# KMX Gears 3x8=21 ?



## Andrew1971 (7 Apr 2016)

Hi all
Got a little problem with my KMX. I have taken the two top chain tube's off because they were noisey.
So i take it out for a spin put it into 8th gear it was noisey me think's rear deraileur need's adjustment
I get home it's the chain rubbing on the frame. No matter i much i adjust rear deraileur it will alway's rub on frame in 8th gear only. So it rub's with or without chain tube on. Small design flaw !!.
So i can't use 8th gear hence 3x8=21 Has any one else got a simular problem with their KMX
Many Thank's
Andrew


----------



## Lanky (7 Apr 2016)

I would be thinking of a trip to Cowleys bike shop. Has it always been like that.


----------



## numbnuts (7 Apr 2016)

I have the Cobra and it's OK …....I think......... as I get no noise


----------



## Andrew1971 (7 Apr 2016)

Yes. as iam getting better i have been getting into the higher gears that's when started showing up.
I have a couple of idea's now i had time to think about it.
@numbnuts how close is your chain to frame.
I bet i have the dodgy one. Look's like phone call to KMX and just fitted new tire's too and some other mod's too. Or fix it myself.
Many Thank's
Andrew


----------



## numbnuts (7 Apr 2016)

Andrew1971 said:


> Yes. as iam getting better i have been getting into the higher gears that's when started showing up.
> I have a couple of idea's now i had time to think about it.
> @numbnuts how close is your chain to frame.
> I bet i have the dodgy one. Look's like phone call to KMX and just fitted new tire's too and some other mod's too. Or fix it myself.
> ...


It's very close, but it's not rubbing, well the paints not marked


----------



## Andrew1971 (9 Apr 2016)

Cheer's numbnuts for having a look. Look's like it's down to the metal on mine
Many Thank's
Andrew


----------



## numbnuts (9 Apr 2016)

Andrew1971 said:


> Cheer's numbnuts for having a look. Look's like it's down to the metal on mine
> Many Thank's
> Andrew


You have the same cassette 32x11 make sure your back wheel is seated well in the slot as that would make the smallest cog lower down


----------



## Andrew1971 (9 Apr 2016)

Hi numbnuts
Just went out and checked wheel fully in and guess what the new cassette I put on is 
12-23 and still rubs  
Many Thanks
Andrew


----------



## Andrew1971 (12 Apr 2016)

A little update managed to get her a lot quiter but still rub's. 
I going to put some tape over the mark on the frame and see what happens.
Many Thank's 
Andrew


----------



## numbnuts (12 Apr 2016)

I think the only way you can stop it rubbing is not to use the lowest gear.
As I all ready stated mine is very close, but it doesn't rub and is very quiet.

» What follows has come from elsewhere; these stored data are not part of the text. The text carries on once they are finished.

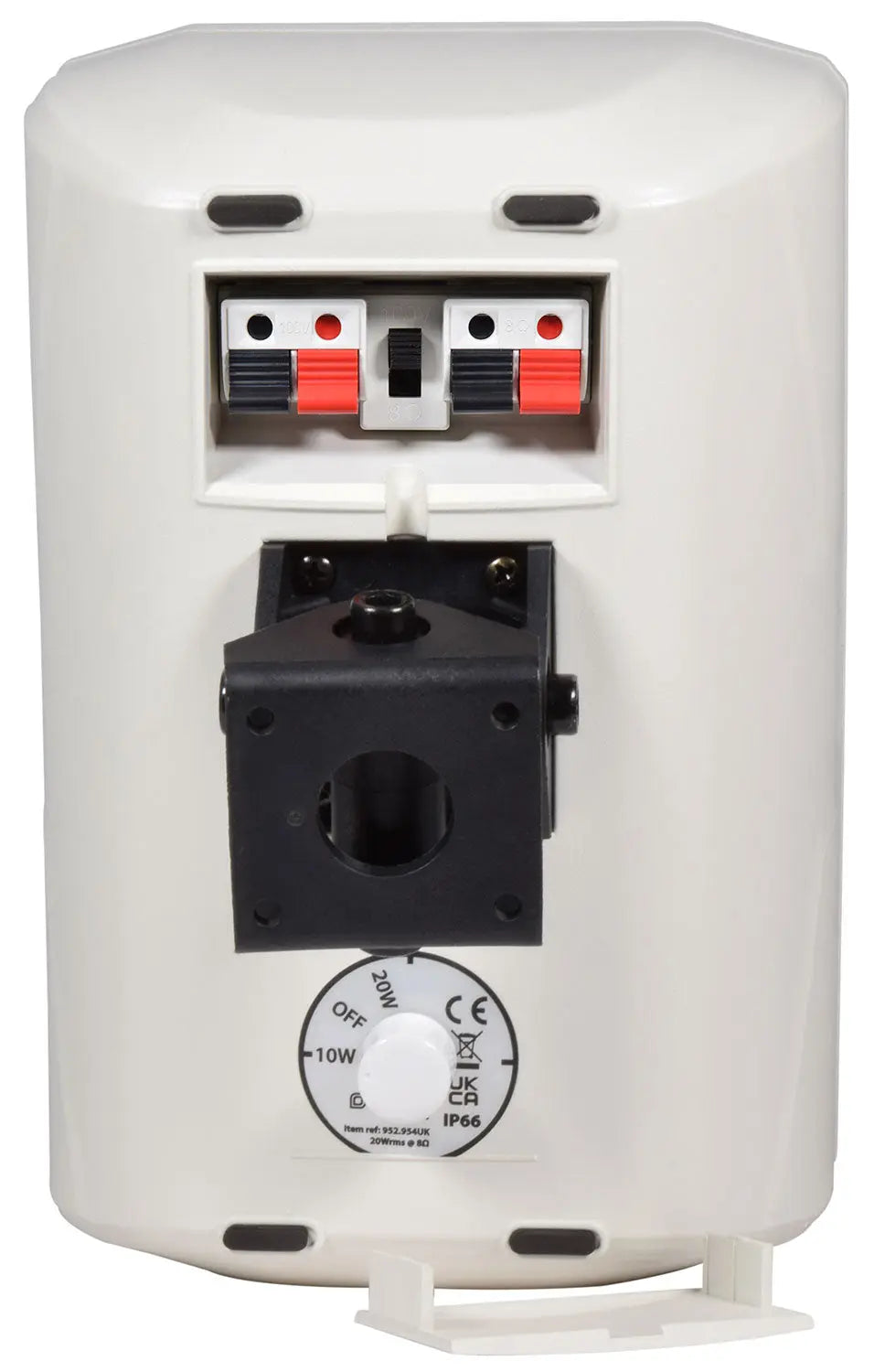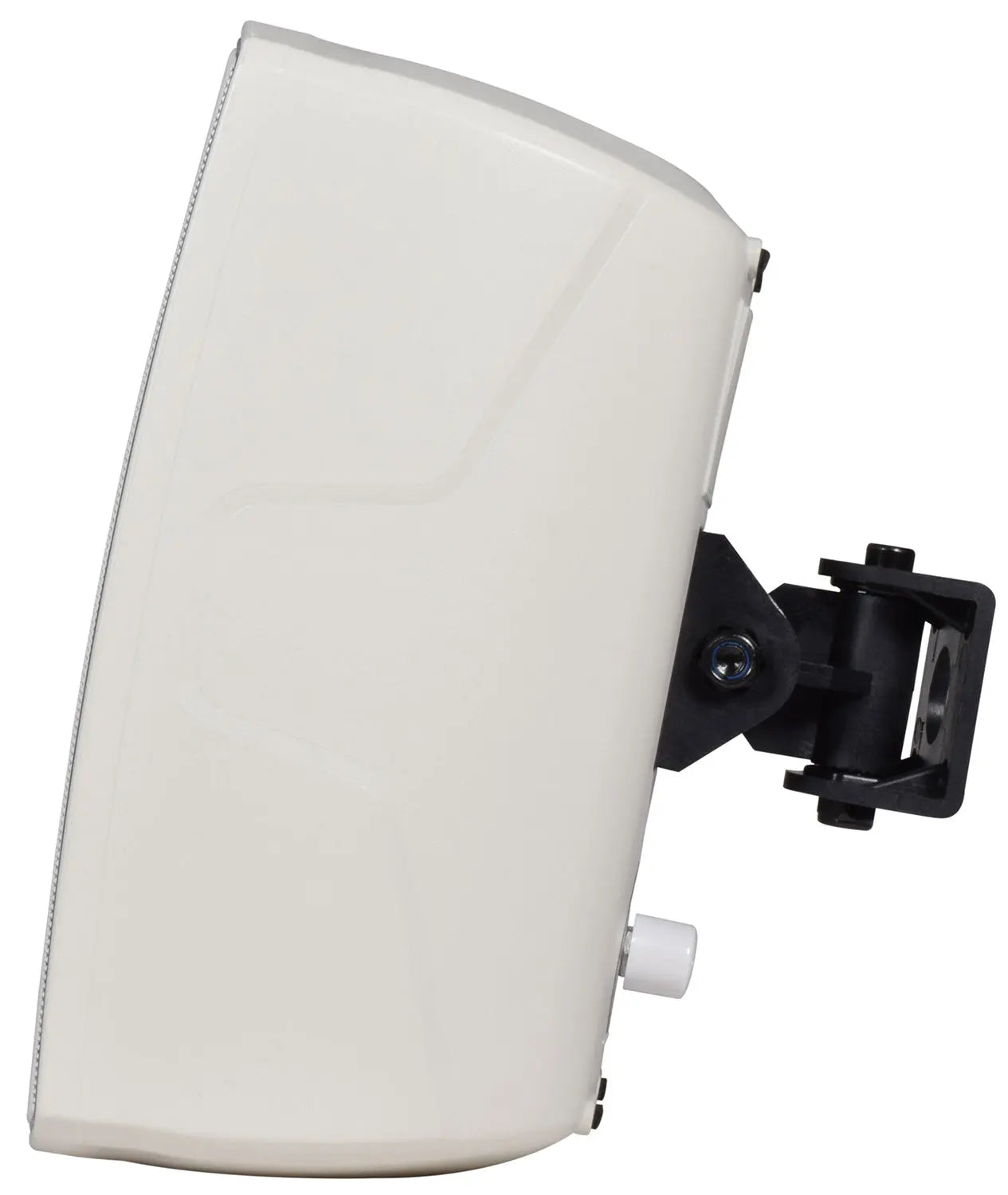 Lightweight PA speakers with moulded ABS cabinets and fitted with 2-axis wall-mounting brackets. Inputs for standard 8 Ohm operation or 100V line with 2 power tappings offer wiring flexibility within different types of installations. Switching to 8 Ohm operation bypasses the transformer for true low impedance performance. Compact cabinets with super light weight make for easy installation onto a variety of wall surfaces and rear pan-tilt brackets enable accurate positioning for best coverage. Cabinets, speaker cones, grilles and brackets are all weatherproofed. A convenient and cost-effective solution for background music and voice announcements in indoor or sheltered outdoor environments.
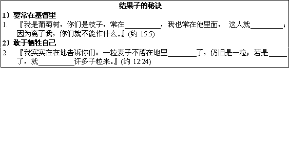 3 背诵经文:(21)基督徒的新生活 约15:5 |
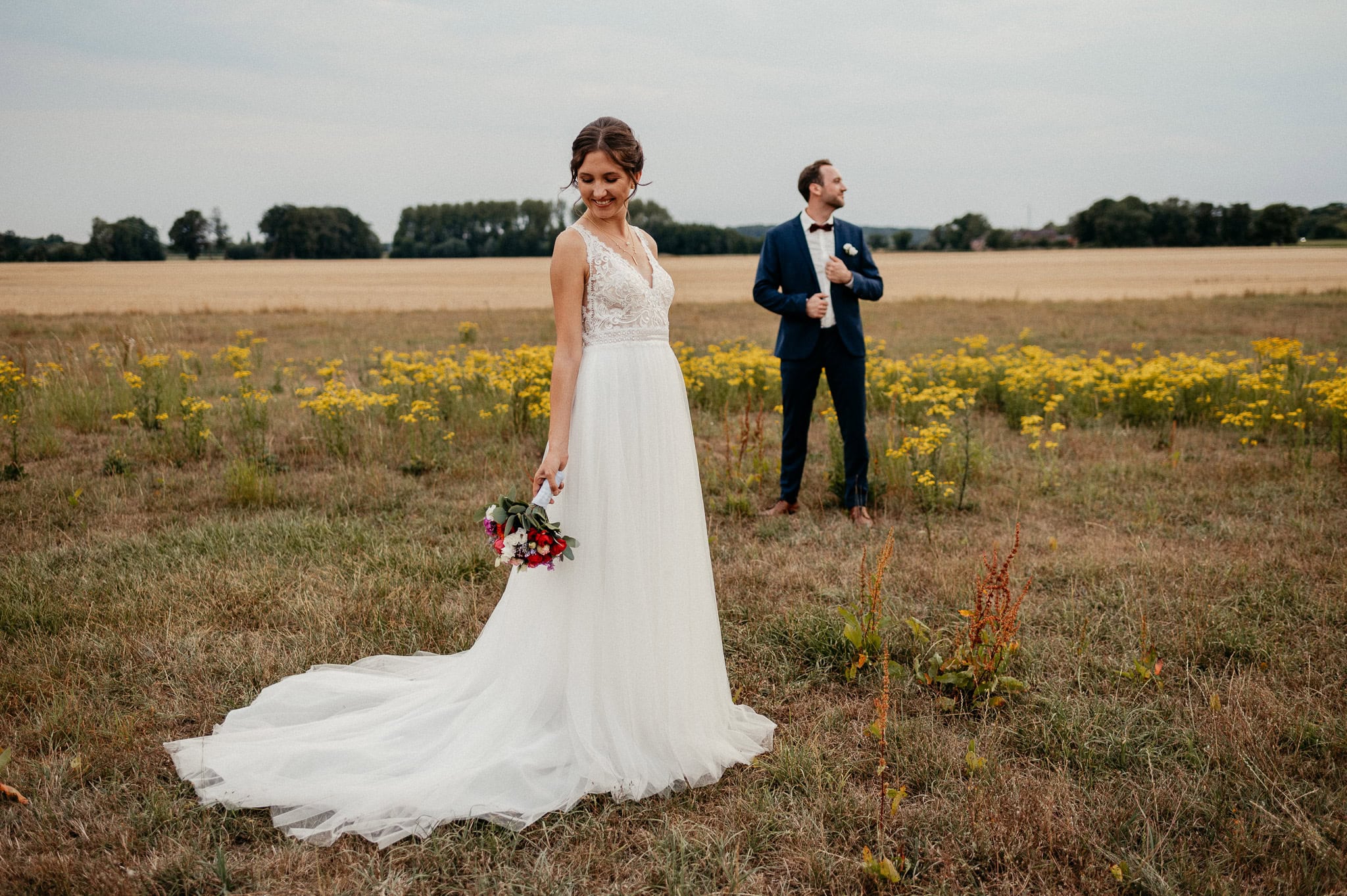 Für das Paar-Shooting sind wir gegen Abend zuerst auf das nahegelegene Feld gewandert und haben dort den Platz und die Weite genutzt, um Fotos in Bewegung zu machen.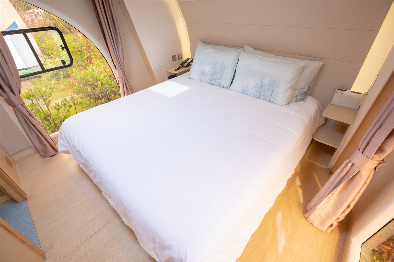房车装修以原木色为主调,舒适的大床颇有设计,床单上的印花将百亩樱花林再现,窗外绿树掩映,满屏的清新之意让人挪不动脚。这里四季皆景,春季樱花烂漫,夏季蛙噪蝉鸣,秋季瓜果肥美,冬季落雪赏梅,总有一刻令你心动。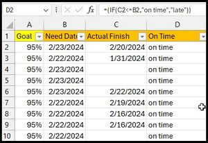 - The nested IF function then checks if the "Actual Finish" date (C2) is less than or equal to the "Planned Finish" date (B2). If it is, it returns "on time". Otherwise, it returns "late".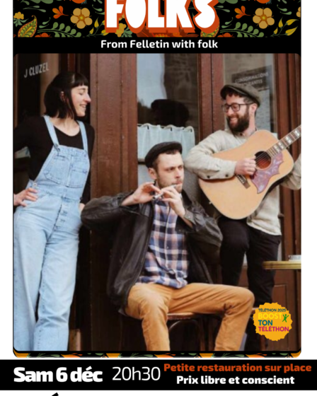 On remet ça SAMEDI 6 DÉCEMBRE (attention c’est un samedi et non un vendredi comme d’hab’ au café) pour une toute autre ambiance c’est avec le smile et la chaleur dans le cœur que nos copains de Felletin nous ambiancerons pour clôturer la journée au profit du Téléthon à Flayat « From Felletin with folk » les …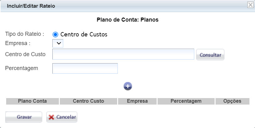 5.1. Ao clicar o sistema listará o campo para adicionar/editar/excluir o rateio do centro de custos vinculado ao plano de contas. Realize as alterações e clique em "Gravar".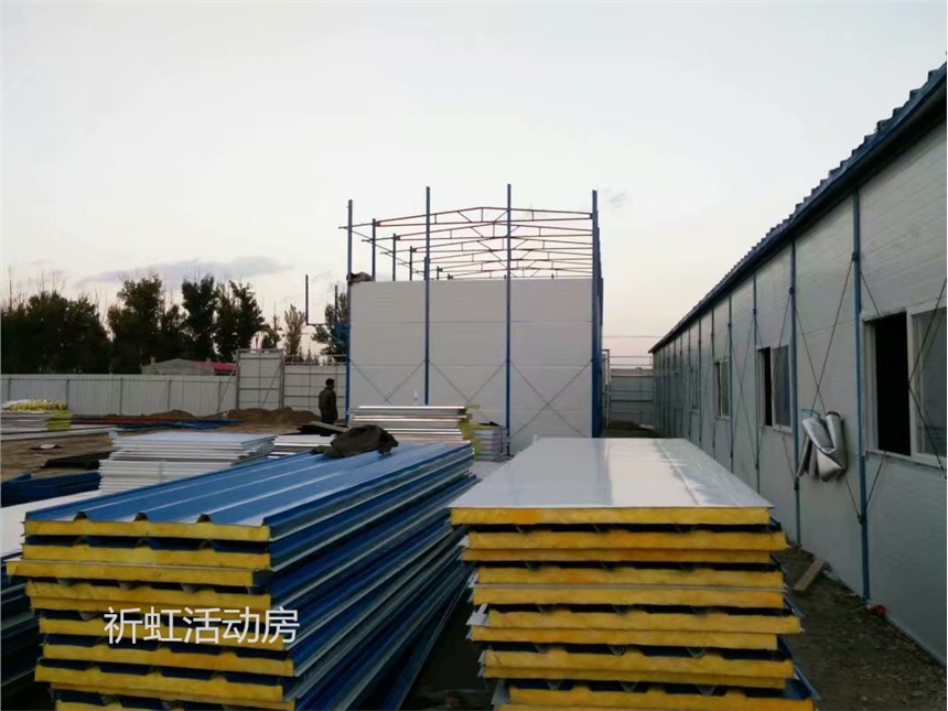 岩棉夹心彩钢板,特点:隔热保温好,安装、拆迁方便,产品特别适合大型厂房,建设工程指挥部、项目经理部、市内建筑工地,办公、职工宿舍、伙房、餐厅、仓库、水泥库及大型工地的整体性生活区用房。

PS can you post a photo please


----------



## voyager (14 Apr 2016)

stupid question here 

have you tried to put a spacer washer on the spindle to bring the cassette away from the dropout 

I will get my coat 

regards emma


----------



## e-rider (15 Apr 2016)

reading this post it's hard to picture exactly where the chain is rubbing, but, it could be that the frame was designed for 7 speed cassettes and the 8 speed is just 1 or 2mm too wide - you might be able to adjust it out by playing about with the rear hub axle configuration

it does sound like the design of the frame isn't the best as well


----------



## numbnuts (15 Apr 2016)

I had another look at mine yesterday as I was cleaning it and I think it is down to them using box section for the chain stay and the tolerances are too tight = a design fault !!!


----------



## Andrew1971 (15 Apr 2016)

Hi All
Some picture's





The bottom pic is of chain hiding the mark it made on the frame.
That's the result from the chain rubbing even more noisey with a 11t put 12t to stop it and did not.
Many Thank's
Andrew


----------



## numbnuts (15 Apr 2016)

Ouch that is tight, maybe get in touch with KMX and send them the photo


----------



## Smokin Joe (15 Apr 2016)

I've pondered about removing the rear tube on my performer, splitting it lengthways and wrapping it round the chainstay instead. I've not been brave enough to try yet, but I may get another tube and see how it looks.


----------



## Andrew1971 (1 Aug 2016)

Hi All
An update it turn's out the rear of the frame is a little twisted. So rang KMX had a good chat and
new frame and new rear wheel was sent under warranty no charge. Could not have wished for a better 
result. Now i have all gear's 
Andrew


----------



## Lanky (12 Aug 2016)

Am I right to presume it is all working as it should be now?


----------



## numbnuts (12 Aug 2016)

Andrew1971 said:


> Hi All
> An update it turn's out the rear of the frame is a little twisted. So rang KMX had a good chat and
> new frame and new rear wheel was sent under warranty no charge. Could not have wished for a better
> result. Now i have all gear's
> Andrew


Good result and well done KMX


----------



## byegad (13 Aug 2016)

Nice to hear of great service. +1 to KMX.


----------



## Andrew1971 (13 Aug 2016)

Took the KMX out today on a longer run 67mile's and what a difference the new frame and wheel has made.
It freewheels so much better, easier to pedal. it run's a straight line, more stable at higher speeds.
Last but not least i have ALL gear's now. It's a pleasure to ride. So all sorted now.
Andrew


----------